In Equations (1) and (2), $ {Y}_{ijt} $ is the response calculated as $ \left(\frac{y_{ijt}^c}{y_{fj}^c}\right) $ , where $ {y}_{ijt}^c $ is component $ c $ of journey time evaluated for passenger $ i $ travelling on a given OD route, via given entry and exit stations on a given line and direction. The network group effects specific to each unique OD route are collectively denoted by $ j $ , $ t $ denotes the day of travel, and $ {y}_{fj}^c $ is the free flow time on the route. The model constant is denoted by $ \alpha $ , $ {X}_{ijt} $ are the covariates modelled nonparametrically, and $ {f}_k,k=1..K $ are the smooth basis functions based on penalised thin-plate regression splines such that $ {f}_k\left(\log \left({X}_{ijt}\right)\right)=\beta \log \left({X}_{ijt}^{\prime}\right)+{b}_{ijt},{b}_{ijt}\sim \mathcal{N}\left(0,{\sigma}_b^2\right) $ (Wood, Reference Wood2017). The group-specific fixed effects for the categorical factors of OD routes, stations, and line/directions are collectively represented by $ {c}_j $ , $ {u}_i $ are the passenger-specific random effects, such that $ {u}_i\sim \mathcal{N}\left(0,{\sigma}_u^2\right) $ , $ {\gamma}_t $ are the fixed effects indexing the different days $ t $ of travel, and $ {\varepsilon}_{ijt} $ is the random error term such that $ {\varepsilon}_{ijt}\sim \mathcal{N}\left(0,{\sigma}_{\varepsilon}^2\right) $ .

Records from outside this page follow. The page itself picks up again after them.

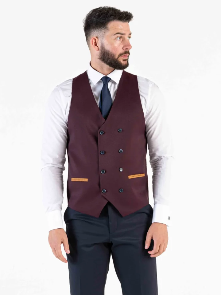 Burgundy waistcoat with adjustable straps for a personalised fit
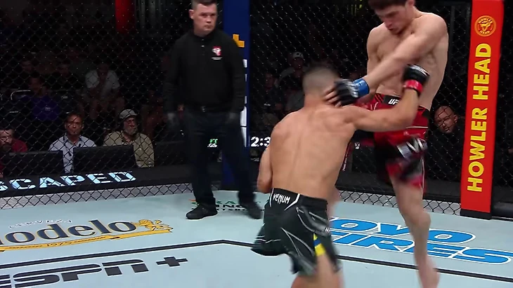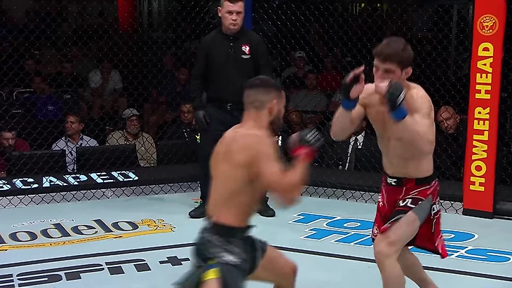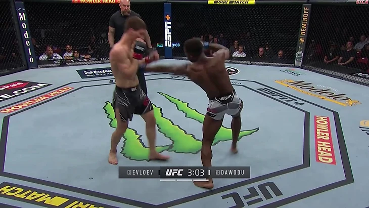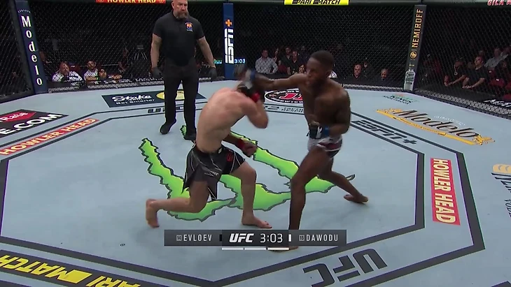 Евлоев пробил джеб, Хаким Давуду оттянулся и сконтрил правым прямым. Евлоев сделал уклон-нырок влево
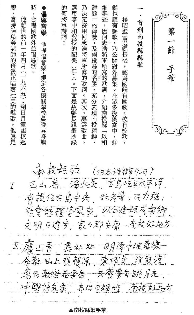 《楊昭璧愛的足跡》楊貞惠撰 曹永洋校訂, 臺中市 楊貞惠 1998年10月 p.172-173,即該書第5部論述第1章第1節手筆,一、首創南投縣縣歌, 二、論派別。[文出處:註1、江慶泉先生提供, 2、《南投青年》30期 陳玲美老師,3、《徵信新聞��黃耕勤 ]。
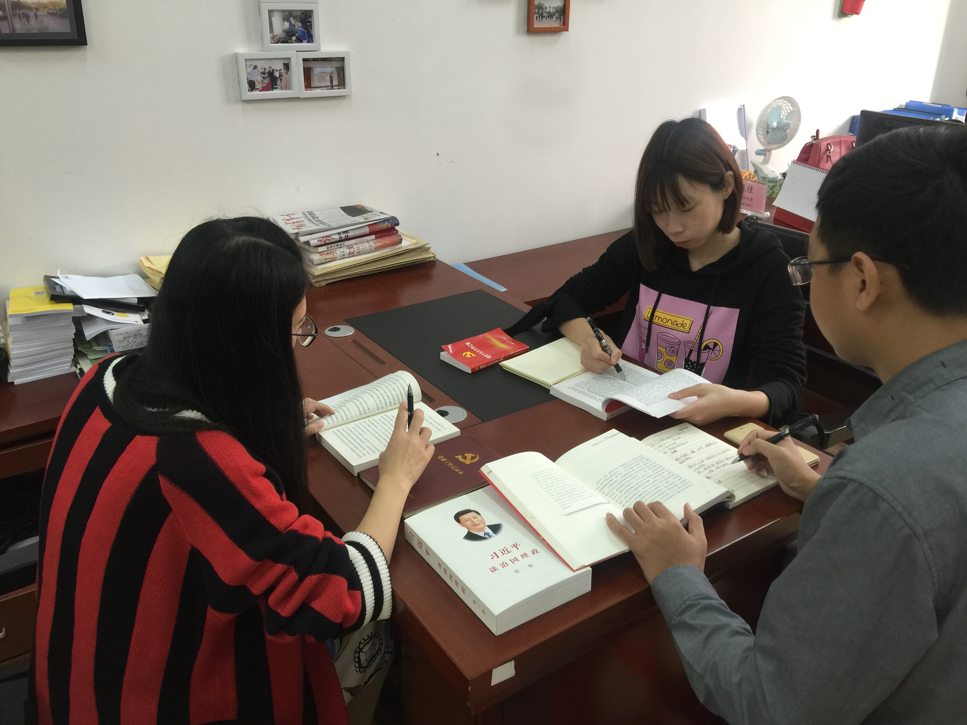 接着支部书记郑艳对我员工支部近期学习十九大精神及相关工作作出部署安排。要求各个支委在本学期期末前梳理工作思路,进一步加强和规范党内政治生活,重点抓好接下来要组织开展的十九大精神学习、党员组织生活会、民主评议、完善发展党员材料、党费收缴等工作。
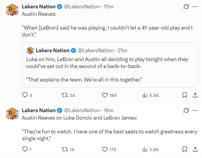 里夫斯則談到41歲的勒布朗愿意出戰(zhàn)背靠背第二場:這就是我們團結一心的原因,我們不可能讓一位41歲的老將去打背靠背G2而我不去打,雖然我們都可以在這場比賽中輪休,可勒布朗不想休息,那我們必然同仇敵愾的出戰(zhàn)。每個夜晚看他打球都是一種享受。

The systematic component of the regression model comprises continuous covariates which capture observed variation in the model, and categorical factors which capture unobserved variation between groups of categories modelled as fixed and random effects. The continuous covariates are modelled via nonparametric thin-plate regression splines generated from the data points; these smooth basis functions also possess a random effects structure to accommodate uncertainty in the estimation of the smoothing parameters, and this has implications for the interpretation of the model results as discussed further in Section 5.4. In terms of the group-specific effects, the main distinction between the two forms is that fixed effects allow correlation between group effects and other covariates, while random effects do not allow correlation.

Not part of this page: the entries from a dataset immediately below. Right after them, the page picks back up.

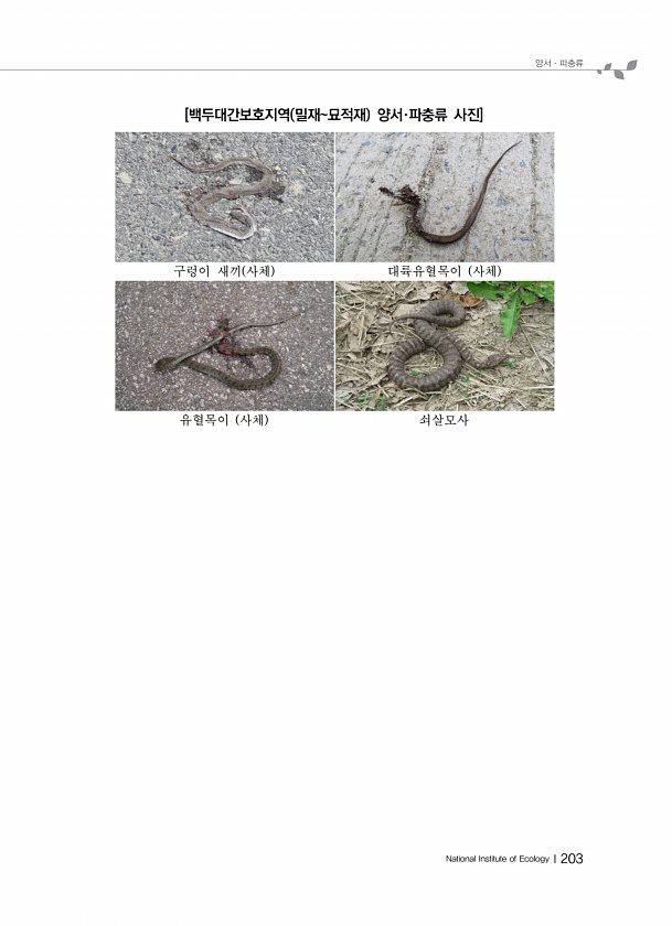 양서ㆍ파충류 National Institute of EcologyⅠ203 [백두대간보호지역 밀재묘적재 양서·파충류 사진] 구렁이 새끼 사체 대륙유혈목이 사체 유혈목이 사체쇠살모사
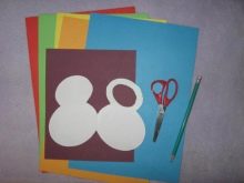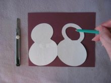 - Fold the cardboard, or thick scrap paper twice, and cut the number 8 so that the figure eight is connected in its lower part. In the upper part of the front side, make a hole in the form of a circle;
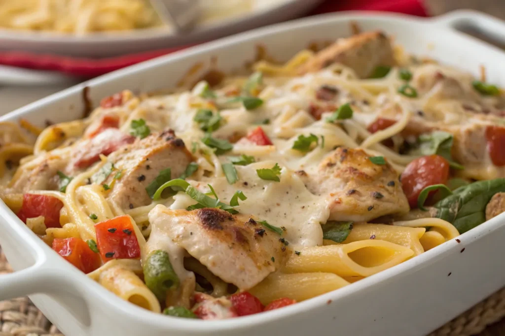 Chicken pasta bake is a hearty and comforting way to use leftover chicken. Combine shredded chicken with cooked pasta, marinara or Alfredo sauce, and cheese, then bake until the top is golden and bubbly. This dish is perfect for feeding a family or making ahead for easy weeknight dinners, and you can add vegetables like spinach, mushrooms, or bell peppers for extra nutrition.

Fixed effects can be interpreted as constants specific to each level within a factor. A fixed effects structure is more appropriate if the variable has been drawn from a finite population, where inferences regarding the effect of the variable are confined to the categories of the variable included in the model (Searle et al., Reference Searle, Casella and McCulloch1992). The fixed effects structure is applied for stations, OD routes, line/directions, and days.

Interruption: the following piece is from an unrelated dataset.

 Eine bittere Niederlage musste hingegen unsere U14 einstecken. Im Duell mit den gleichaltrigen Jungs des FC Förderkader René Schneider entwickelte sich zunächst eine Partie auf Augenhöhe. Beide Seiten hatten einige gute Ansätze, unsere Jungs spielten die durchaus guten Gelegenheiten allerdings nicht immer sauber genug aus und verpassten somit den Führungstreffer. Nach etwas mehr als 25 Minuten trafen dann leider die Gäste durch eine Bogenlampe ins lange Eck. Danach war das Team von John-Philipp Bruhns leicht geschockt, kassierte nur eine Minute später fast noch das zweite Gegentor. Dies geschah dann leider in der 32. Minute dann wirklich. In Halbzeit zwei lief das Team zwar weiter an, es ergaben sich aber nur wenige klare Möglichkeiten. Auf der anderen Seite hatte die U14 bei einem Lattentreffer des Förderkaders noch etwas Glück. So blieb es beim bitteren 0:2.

Conversely, a random effects structure is more appropriate in cases where the variable has been drawn from a large or infinite population, and the observations used in the model are considered a random sample of the population (Searle et al., Reference Searle, Casella and McCulloch1992). Under a random effects structure, the random effects coefficients are considered to be independently and identically distributed with mean 0 and constant variance. As the individual passengers in the analysis represent a sample of a large population of passengers in London, passenger-specific effects are modelled as random effects. Validation of the fixed and random effects designations is undertaken and documented in the discussion of model results in Section 5.2.

4.2. Dependent variables

The dependent variable in Equations (1) and (2) represents the journey time of each passenger trip at a component level $ {y}_{ijt}^c $ normalised by the average free flow time at a component level $ {y}_{fj}^c $ . The free flow time represents the time taken to travel from the origin to the destination in uncongested conditions without delays, and it is taken here as the 10th percentile of the aggregate journey time distribution for the OD pair of interest over the 7-week analysis period. The 10th percentile value is chosen as it is not influenced by outlying journey times recorded for the fastest individuals travelling in ideal situations, for example, a passenger running through an empty station to board the train just as it arrives. The rationale behind the choice of the free-flow normalised response variable is that the explanatory variables capture variation in journey times relative to the base uncongested travel conditions on a route.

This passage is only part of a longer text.